Prior to this release, Essbase could store and calculate measures based on attributes. However, there are cases where attributes may change over a dimension such as time, or across multiple dimensions. For example, product packaging could vary over time as well as over geographical markets.
Varying attributes enable values in the base dimension to vary by one or more independent dimensions. With varying attributes, base members (such as products) can vary by size (an attribute) across time and scenario, or across markets.
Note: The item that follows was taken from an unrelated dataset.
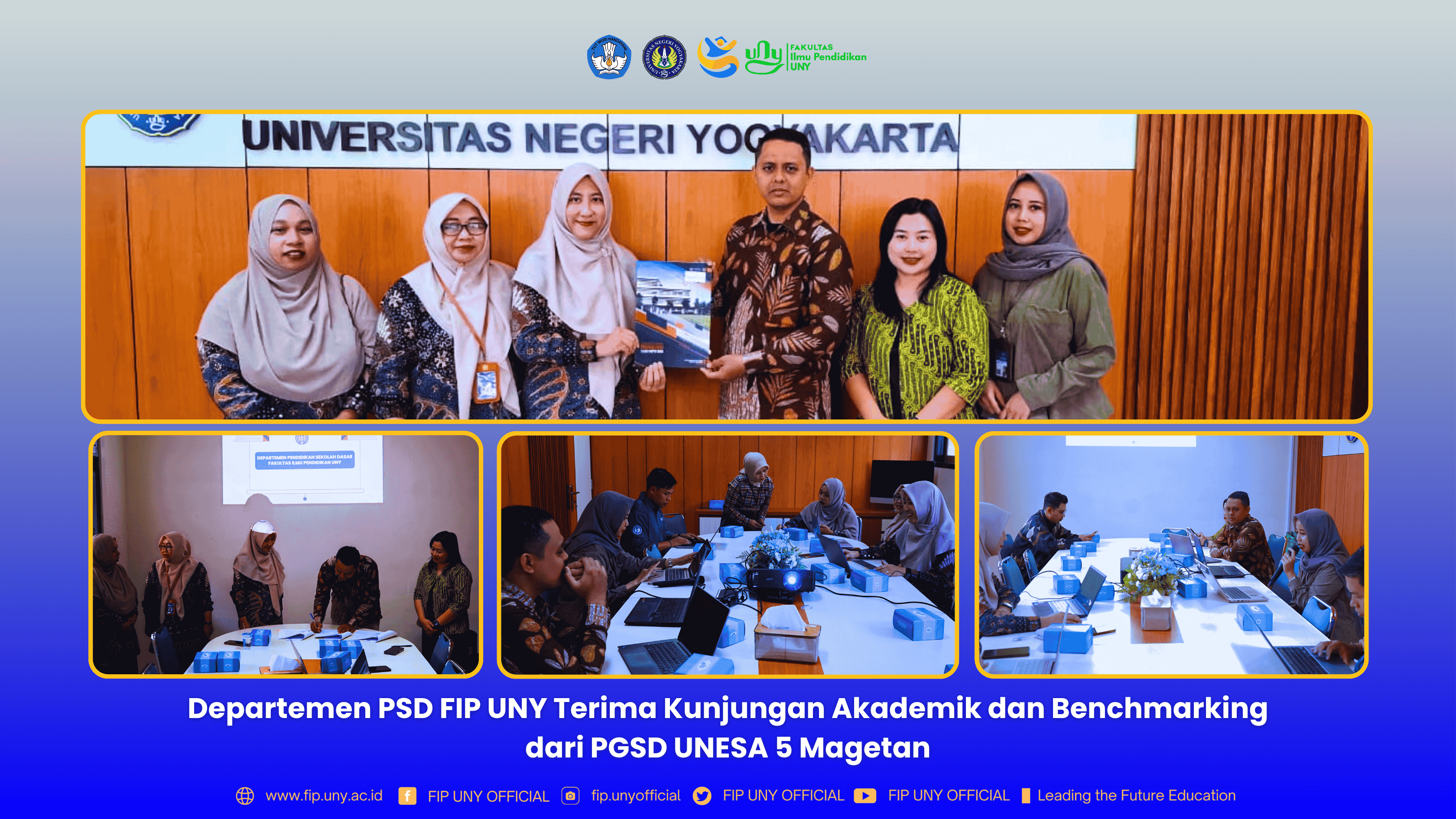 Yogyakarta, 15 Oktober 2025 — Departemen Pendidikan Sekolah Dasar (PSD) Fakultas Ilmu Pendidikan (FIP) Universitas Negeri Yogyakarta (UNY) menerima kunjungan akademik dan benchmarking dari Program Studi S1 Pendidikan Guru Sekolah Dasar (PGSD) Kampus UNESA 5 Magetan. Kegiatan ini berlangsung pada Rabu (15/10) pukul 09.00 WIB hingga selesai di Ruang Rapat Departemen PSD FIP UNY.

Varying attributes add the capability of Essbase to store, and calculate measures for, attributes that vary over multiple dimensions. For example, a report showing the profit per package type can be calculated according to the changing attributes. A product that was packaged in 16 ounce containers in January, but in May changed to a package type of 20 ounces, may have its profits displayed separately according to the package group where it belonged at the time.
Essbase can also calculate varying attributes based on an "as was" scenario; for example, you can calculate the profit for the different package types as the assignments were at one given time. In this approach, you set the perspective, fixing on one time and ignoring the change in attributes over time. This can be useful for analysis of profits as if the changes to the attributes did not occur.
Additionally, Essbase can perform member selections based on a changing attribute. For example, you can query for all products that had a package type of 32_ounces in April.
Regular Essbase backups, which should be integrated into production server maintenance, are key to database maintenance. Backup frequency should be determined by the volatility of the database and server environment and the need for rapid database restoration (should a server interruption occur).
To back up and restore block storage databases, you can use either of the following methods:
Automated database backup and restore and transaction logging and replay
Backup and restore provides the equivalent functionality of manually backing up and restoring a database. When a backed-up database is restored, transactions that occurred after the backup procedure are not recovered. However, with transaction logging and replay, post-backup transactions are captured and can be replayed. Thus, a backed-up database can be recovered to the most-recent state before the interruption occured.
The use of the database backup and restore and transaction logging and replay features eliminates the need for various manual steps and, therefore, enables administrators to back up and recover databases more efficiently. Oracle recommends incorporating these features in your backup and recovery strategy.
Manual backup and restore
Essbase customers who have designed a backup and restore strategy that uses manual procedures and who do not need the functionality of transaction logging and replay can continue using their manual strategy.
To back up and restore aggregate storage applications, you must use manual procedures.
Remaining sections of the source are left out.